- [What is needed]:
Your reply should reproduce each entry exactly and contain no pictures.

Source records
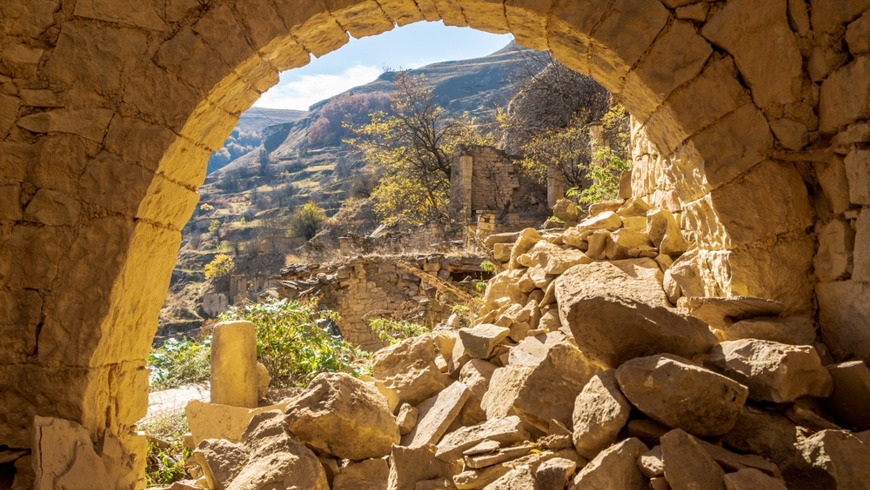 Дальше наш путь лежит в одно из древнейших поселений в Республике Дагестан. Гамсутль расположился в Гунибском районе Дагестана, на высоте 1500 метров над уровнем моря. В настоящий момент является заброшенным. Аул-призрак уникален необычной архитектурой, схожей с городом Мачу-Пикчу в Перу.
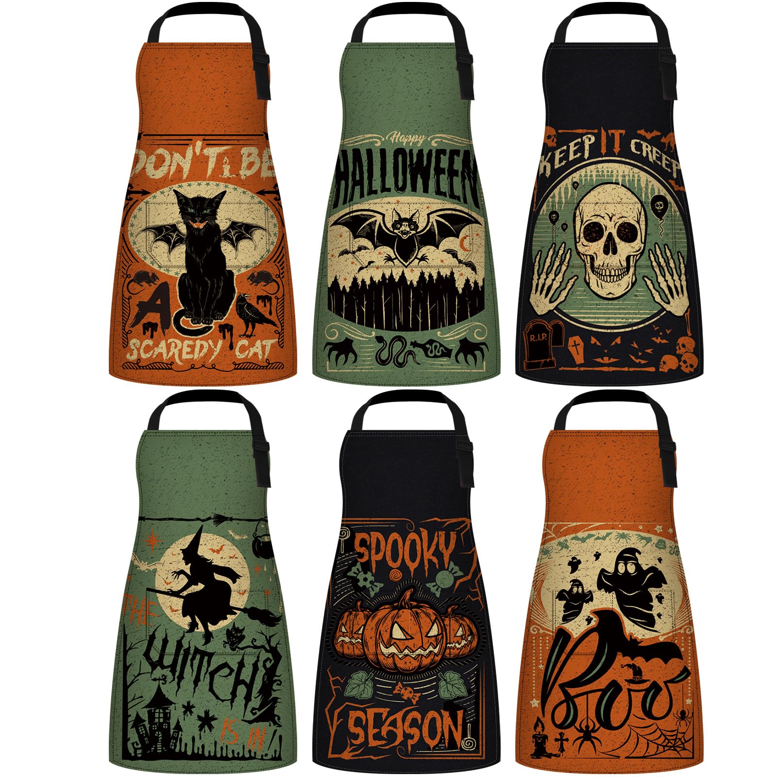 6 Pcs Halloween Aprons with Pockets Halloween Skeleton Skull Goth Bloody Scary Kitchen Aprons for Women Adults Gift
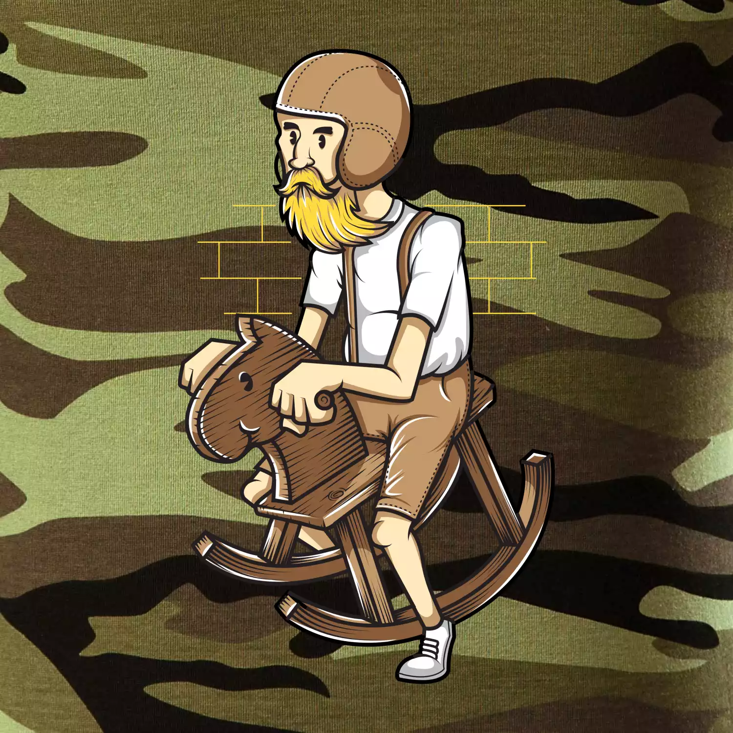 Tričko strednej gramáže vo farbách camouflage. Strih s bočnými švami. Lem priekrčníku z rebrového úpletu s prídavkom 5% elastanu. Vnútorná časť zadného priekrčníka začistená páskou vo farbe camouflage.
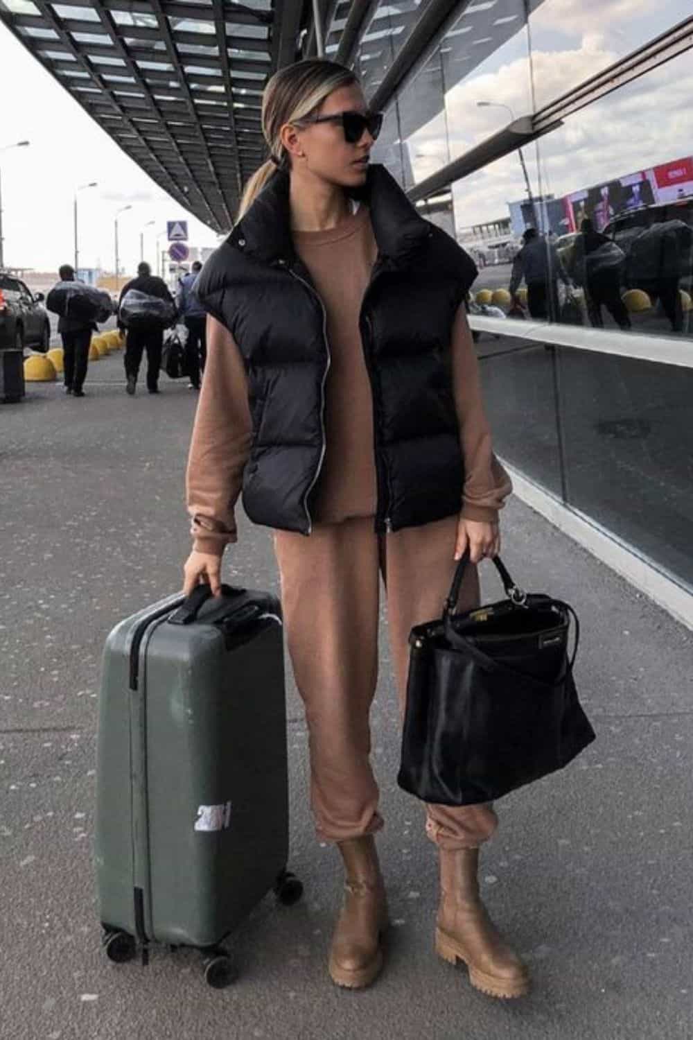 This airport outfit is perfect if you are headed to a ski resort. You can wear your base layer outfit with a puffer jacket so you are ready for the snowy weather.
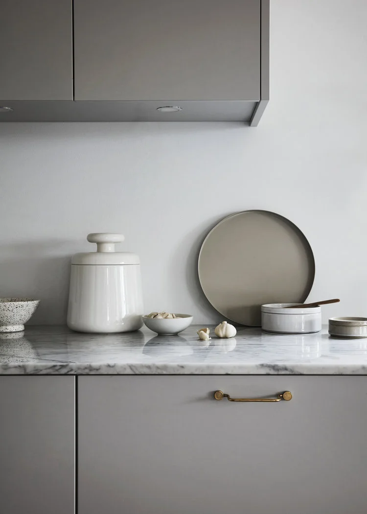 I'm working on a kitchen colour trends assignment for one of my clients and this kitchen is ticking all the boxes for what I've been cooking up in my head. I may or may not have also been inspired by my Mom's outfit in this post. Dove grey all day. My assignment is to pull together a mood board of a kitchen design, but my goodness I'd so love to make a kitchen like this happen for someone for in real life. Anyone? Anyone?

- [Response]:
 Дальше наш путь лежит в одно из древнейших поселений в Республике Дагестан. Гамсутль расположился в Гунибском районе Дагестана, на высоте 1500 метров над уровнем моря. В настоящий момент является заброшенным. Аул-призрак уникален необычной архитектурой, схожей с городом Мачу-Пикчу в Перу.
 6 Pcs Halloween Aprons with Pockets Halloween Skeleton Skull Goth Bloody Scary Kitchen Aprons for Women Adults Gift
 Tričko strednej gramáže vo farbách camouflage. Strih s bočnými švami. Lem priekrčníku z rebrového úpletu s prídavkom 5% elastanu. Vnútorná časť zadného priekrčníka začistená páskou vo farbe camouflage.
 This airport outfit is perfect if you are headed to a ski resort. You can wear your base layer outfit with a puffer jacket so you are ready for the snowy weather.
 I'm working on a kitchen colour trends assignment for one of my clients and this kitchen is ticking all the boxes for what I've been cooking up in my head. I may or may not have also been inspired by my Mom's outfit in this post. Dove grey all day. My assignment is to pull together a mood board of a kitchen design, but my goodness I'd so love to make a kitchen like this happen for someone for in real life. Anyone? Anyone?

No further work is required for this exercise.